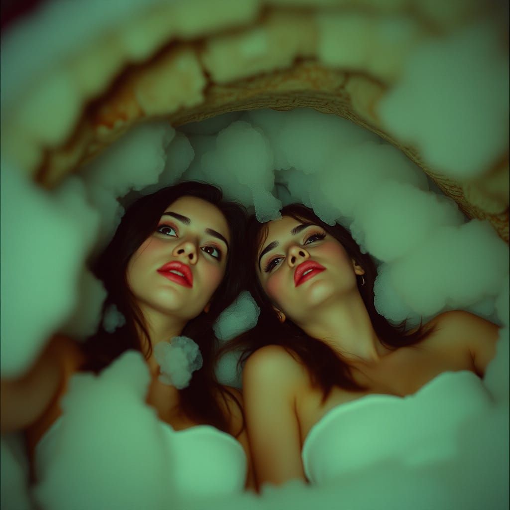 This image shows beautiful young women inside transparent soap bubbles. The picture is hyperrealistic with cinematic lighting, creating a dramatic and atmospheric scene.
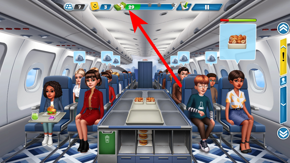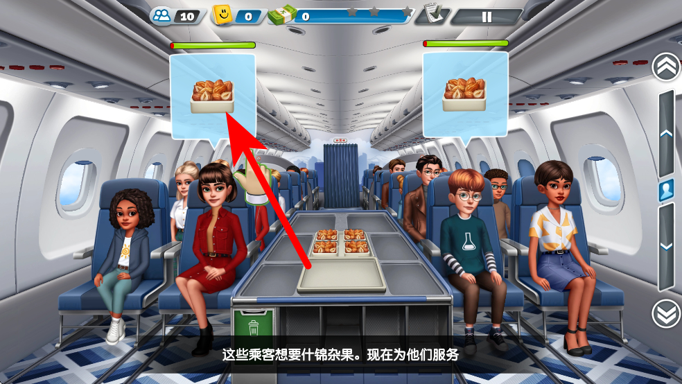 3、餐食制作完成后,将餐食送到客舱,根据乘客订单,把对应的餐食递送给乘客,完成服务后,会获得奖励,奖励可用于升级厨房设备等。
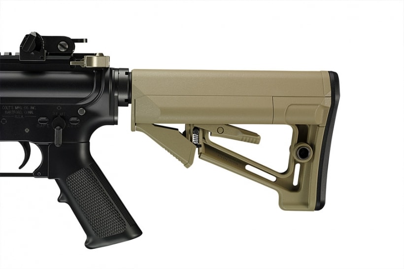 ストックの長さを6段階に調整可能なSTRタイプストックを新規製作。ストックには、SOPMODバッテリーがセット可能です。
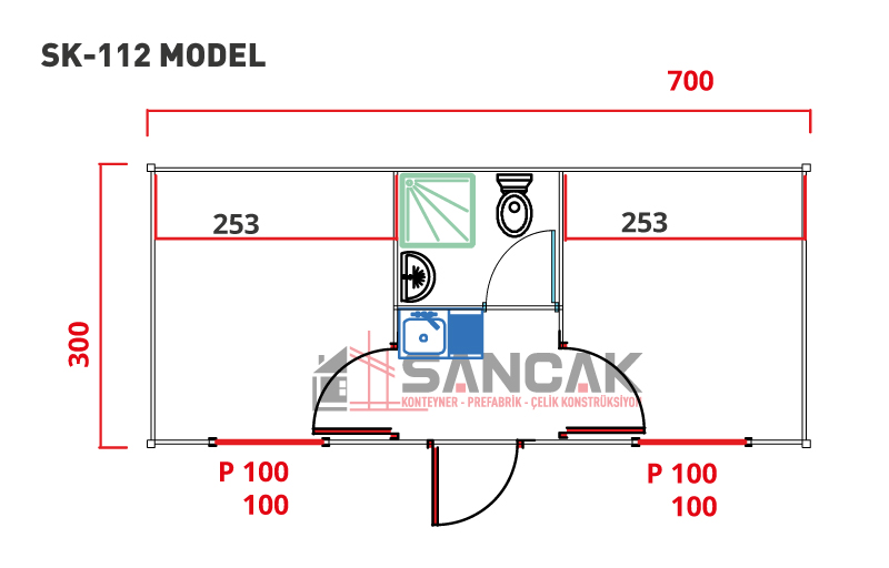 Konteyner yapılarda standart olarak sadece soğuk su tesisatı çekilir. Talep dahilinde sıcak su tesisatı çekilebilir.
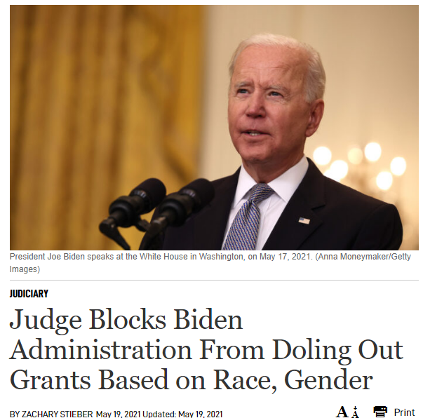 https://www.theepochtimes.com/mkt_breakingnews/judge-blocks-biden-administration-from-doling-out-grants-based-on-race-gender_3822305.html?utm_source=News&utm_medium=email&utm_campaign=breaking-2021-05-19-2&mktids=6f88c1b5feb8c798f210e9b725f2b871&est=k2RZko74TxD5rNoaFbxhK2rU4iMwl3AkHbiomtkIwekgPFWvTnbt6wbAU5eeJ5a9eb4%3D previous post Justice Dept Trying to Block Election Audit – If Nothing Is Wrong, Why Worry? next post Biden’s Winning at …..Inflation…. Related Posts Democrats Vote to Keep Funding Illegals, Even If... March 24, 2024 Biden gives $8B to Green Climate Fund December 9, 2023 Maybe VP Biden Didn’t Read or Know anything... October 11, 2023 Biden Averages Over 40% of His Time On... October 5, 2023 Democratic States that Support Abortion Up To Actual... October 5, 2023 Biden’s Booze Czar Says USDA May Soon Revise... October 5, 2023
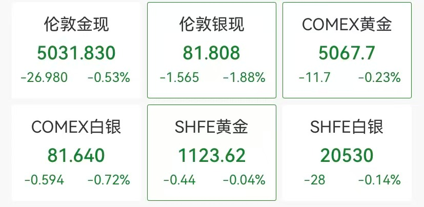 截至北京时间23:00,现货白银跌近2%,失守82美元关口,现货黄金跌约0.5%,回落至5030美元附近,早间最高一度触及5078美元。

-=-=-

#### REQUIREMENT:
Would you reproduce the lines above, from the very first through the line containing "Konteyner yapılarda standart", exactly and without the pictures?

#### OUTPUT FOR THIS EXERCISE:
 This image shows beautiful young women inside transparent soap bubbles. The picture is hyperrealistic with cinematic lighting, creating a dramatic and atmospheric scene.
 3、餐食制作完成后,将餐食送到客舱,根据乘客订单,把对应的餐食递送给乘客,完成服务后,会获得奖励,奖励可用于升级厨房设备等。
 ストックの長さを6段階に調整可能なSTRタイプストックを新規製作。ストックには、SOPMODバッテリーがセット可能です。
 Konteyner yapılarda standart olarak sadece soğuk su tesisatı çekilir. Talep dahilinde sıcak su tesisatı çekilebilir.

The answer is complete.